Here are my money saving ideas;

I have a soy machine and make dairy products, tofu and okara. The machine makes great soup!

I call our grocery store manager a few days ahead of the truck to order cases. We pay $2.00/case over store cost.

We buy 40-50# cases of mixed mature produce for $20. This is the produce that would normally go on discount. We also get the cases of free stuff that's too far gone to sell. I just cut out the spots and blemishes.

We go to town once a month. Every month I order one or two things to bulk up on. So our (my husband and myself) budget stays nearly the same, I just change up what I get.

I dehydrate cases of frozen spinach to save room in the freezer. Cases of bananas (we get a case every month) are pureed then frozen. Dry goods (rice, beans, oats, etc.) are stored in 5-gallon buckets or canning jars. 

Last month I bought a case of bok choy and planted the ends, that will last me all winter. Onions, garlic, lettuce, etc., I replant lots of produce.

I buy cheap dog, cat, and chicken food, then supplement. Dogs and cats get eggs, chickens free range, then if anyone is looking off I just get whatever is needed.

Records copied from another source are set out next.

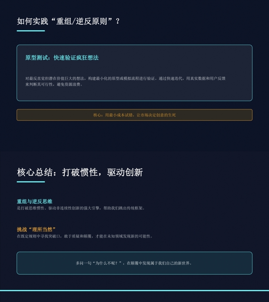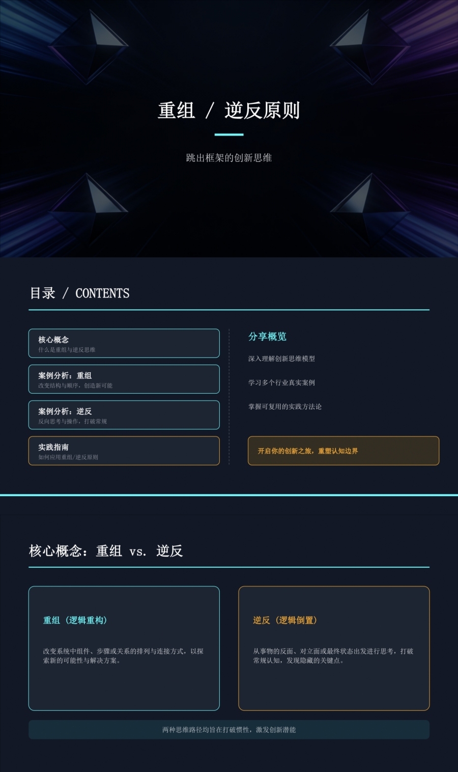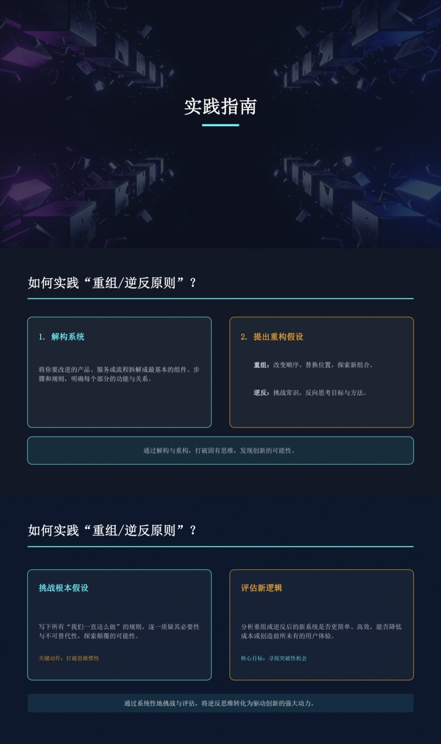 这套「重组/逆反原则」,正是一套能帮你系统性提升创造力的思维框架。它的核心,是跳出默认的线性思维定式,通过打乱现有结构、重构逻辑关系的「重组」,与颠倒因果、反向推导、从对立面思考的「逆反」,帮你挑战固有假设、发现思维盲区,打造属于你的非对称优势。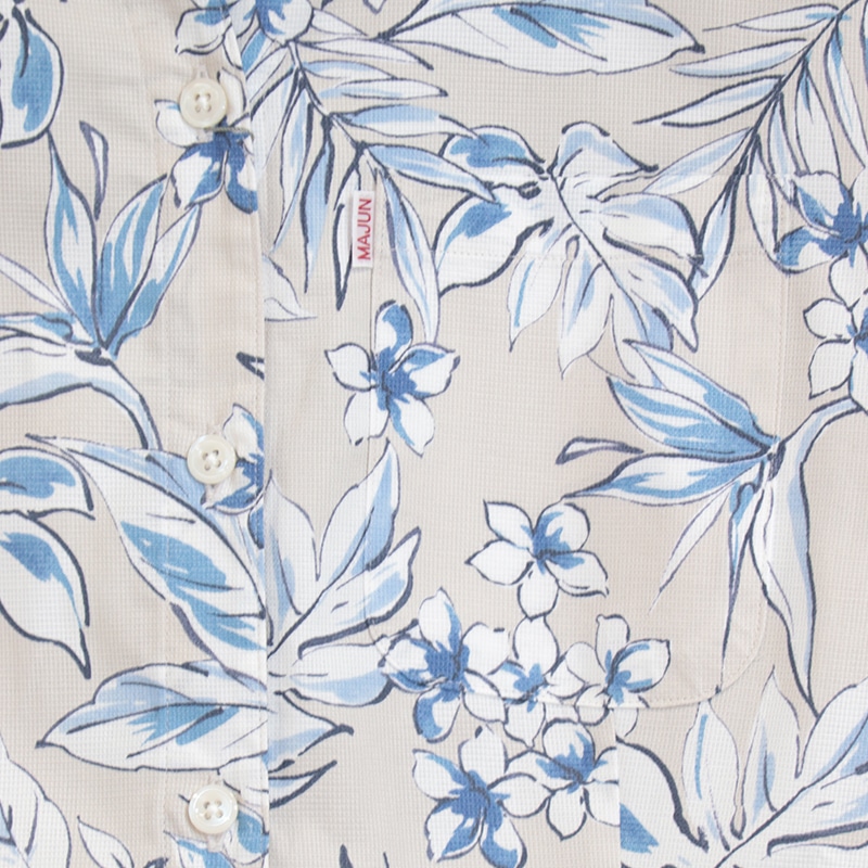 シャツの付属品と言えば、「ボタン」があります。 MAJUNではその「ボタン」選びにも徹底したこだわりを持っています。 プリントの柄や色に合わせ、ボタンの素材や色合いを選別し、着用シーンなども考慮し選定しています。 シャツのイメージで、キレイ目スタイル、ラフ間のあるカジュアルスタイル、それぞれのイメージに ボタンの素材感を組み合わせ商品企画し商品化しています。 天然素材「貝」や「ココナッツ」などボタンの存在感もしっかりシャツ全体を引き立てるように ワンランク上のものづくりをこだわっています。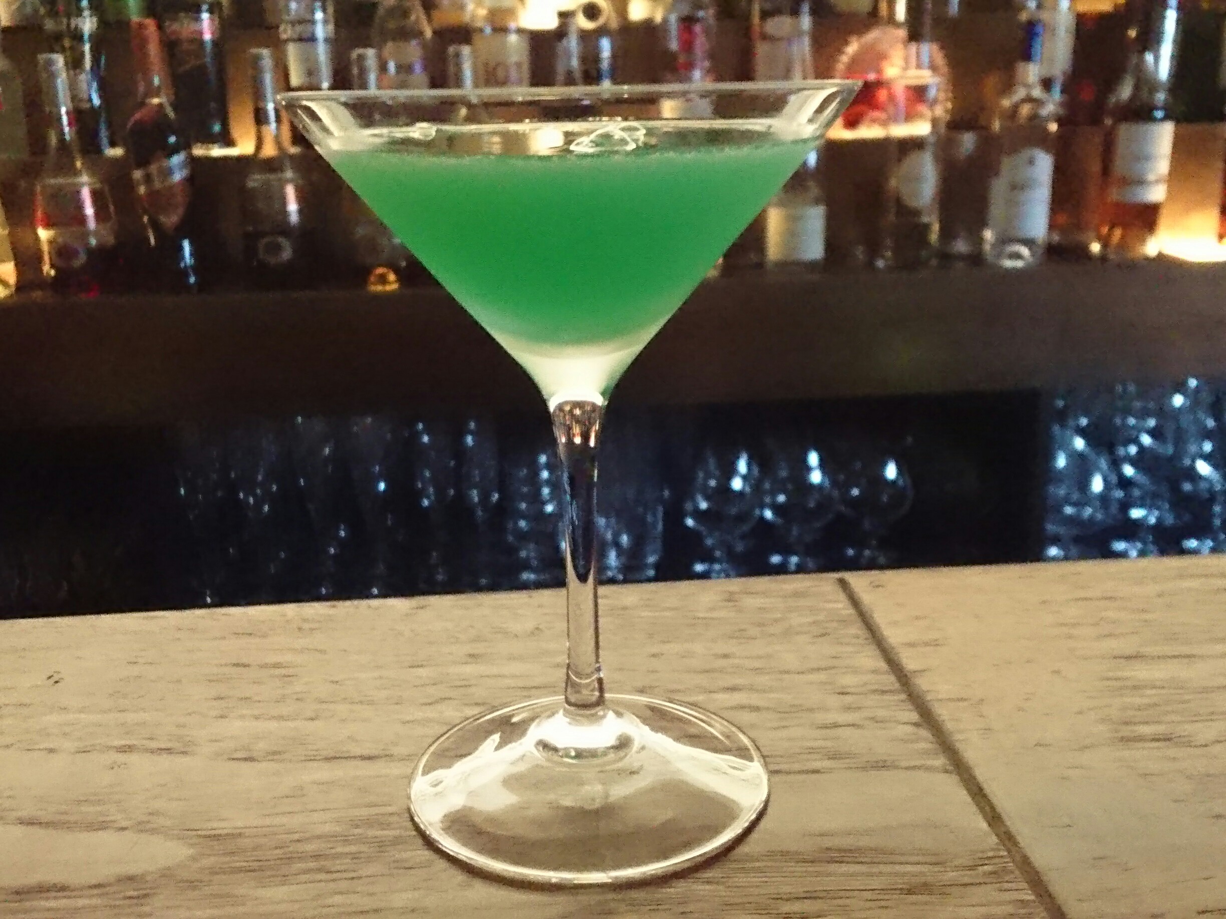 エメラルドグリーンの色合いがとても映えるカクテルです。

I buy online a good bit. I compare online prices with what I can get in town.

I'm currently making sourdough starter to dehydrate and jar. We shall see how that works out.

I make seitan from all purpose flour.

I use Cronometer to watch that our nutrition is on track.

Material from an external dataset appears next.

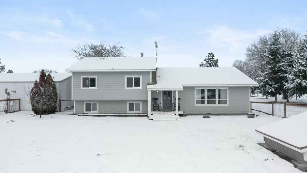 Circling through the 2 acre property driveway, welcomes you to 216008 E Farm Rd. This farmhouse features 3 bedrooms,2 1/2 baths, with a large flex room that you can use as another bedroom, game room, theater room, large office, it is a great room for just about any need. Sellers favorite place in home is the living room, its been the place where everyone gathers spending quality time and enjoy the views out the big window. Just about every room upstairs has a beautiful view as well of the surrounding country hills. Several updates have been made inside and out: windows, concrete siding, exterior paint, lighting through out, flooring/carpet/laminate wood, central vac system, quartz countertops, hot water tank, interior paint, well/pump/tank, so much love and care for this home. 2 acres, with fully fenced front yard, partially fenced back, fenced in chicken coop, underground sprinklers through out. Main shop over 2800 sq ft with heating and cooling, pull through garage bay doors, half bath, plumbed in air compressor through out, also central vac in shop, 2-20outlet, electric hoist. Second shop is 800 sq ft. This property really is a prize, room for all your animals, toys, business, the possibilities are endless, schedule a showing today with your favorite realtor.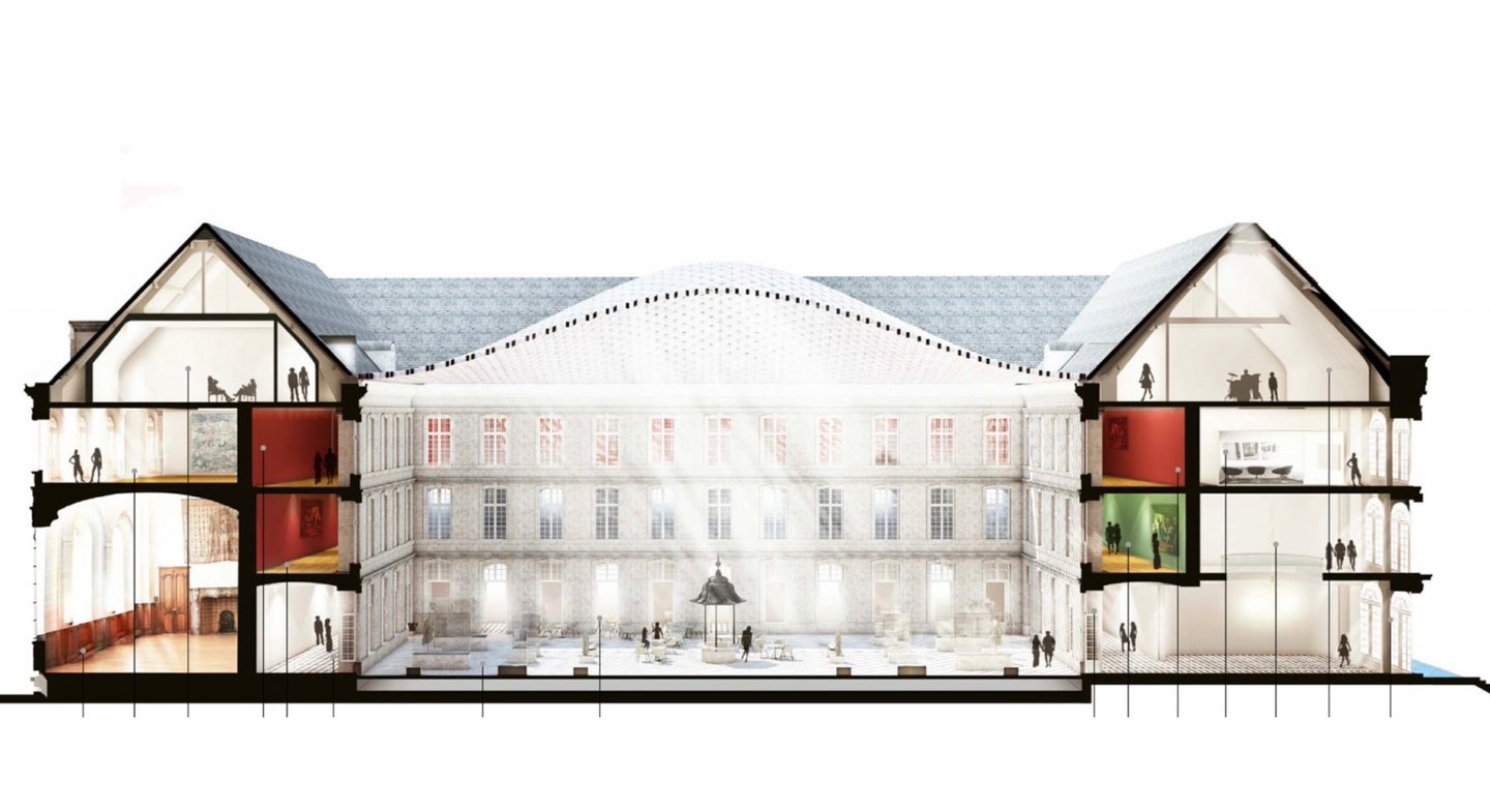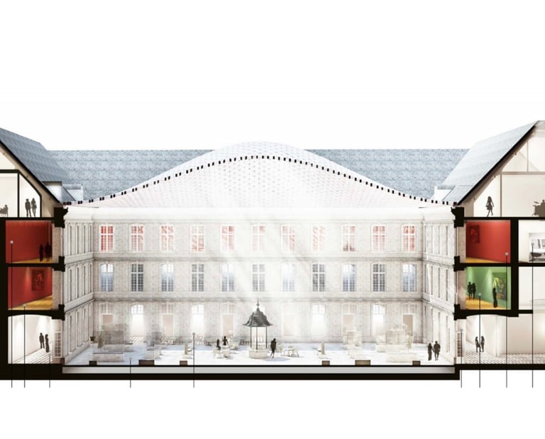Située au cœur de l’ancien palais abbatial de Saint-Vaast, la rénovation du conservatoire d’Arras s’inscrit dans un ambitieux projet de requalification patrimoniale, mené par l’agence Moatti – Rivière (architecte mandataire), en collaboration avec Alain-Charles Perrot, architecte en chef des Monuments Historiques.

I buy black oil sunflower seeds (bird food) and grow them for sprouts.

I don't soak beans. (I do soak soybeans headed to the machine.)

I don't blanch anything. I rotate the freezer foods every few months.

My husband's not a fan of lentils so I make them into burgers and meat-less loaves.

I cook on a rocket stove and use a haybox as much as possible.

I reuse water as much as possible. Fresh water is for ingesting or bathing, rinse water goes to be washing water (biocompatible soap, and I only use soap as needed), then when I've done everything I can think of with the water, it goes to the garden.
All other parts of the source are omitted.